The Mains of Drum

Tasks for November


If you haven't started already, now is a good time to start putting out extra food for the birds. Help them through the winter when a natural source of food in the garden is scarcer by supplementing their diet with fat balls, seeds and mealworms


Now is the time to plant Tulip bulbs. Tulips fare better when planted once the weather is colder. Create beautiful displays now for flowering next spring.


Collect leaves now from lawns and ponds to make leafmould. Instead of getting rid of leaves, why not create a compost bay for leaves which will break down into leafmould which is great for adding onto borders as a soil improver or mixing with compost. If you don't have the space for a compost bay/bin, you can simply collect them in a bin bag. Be sure the leaves are moist so they can decay properly.

Grow your own

Now is a great time to plant garlic bulbs, for harvest next summer. Plant in a sunny spot and keep weed free. Softneck garlic tends to store for longer than hardneck garlic but hardneck can cope better with harsher winters.


If you don't already have some, it's time to invest in some fleece or cloches, especially if you grow your own.
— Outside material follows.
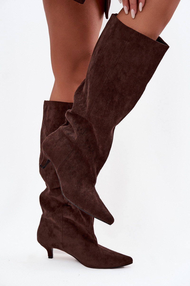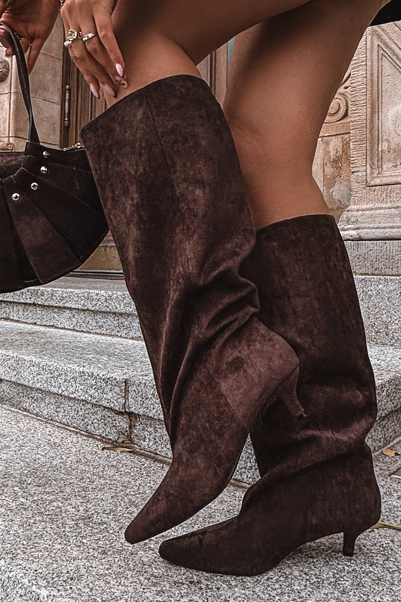 Dámske vysoké čižmy s podpätkami z umelé semišovej látky, čokoládovej farby Pheona

That way you can keep the ground warmer for your winter veg. This is also good at preventing any pigeons from being a nuisance and destroying your brassicas.


Raise pots now onto either pot feet or bricks to prevent the pots from becoming saturated over the winter. Raising the pots off the ground allows the water to drain away more freely.


Now is a good time to prune back your roses (except ramblers) to prevent wind rock from damaging the roots. Reduce the stems by about 50%.


Now is a good time to lift and store dahlia tubers. Simply lift up out the ground with a fork, shake off as much soil as possible and cut back the stems to close to approximately 10cm from the tuber. Rinse the tubers down and inspect, disposing off any which are rotten or soft. Put the dry tubers into pots of either dry compost or vermiculate and store in a dry, frost-free place such as a shed or garage.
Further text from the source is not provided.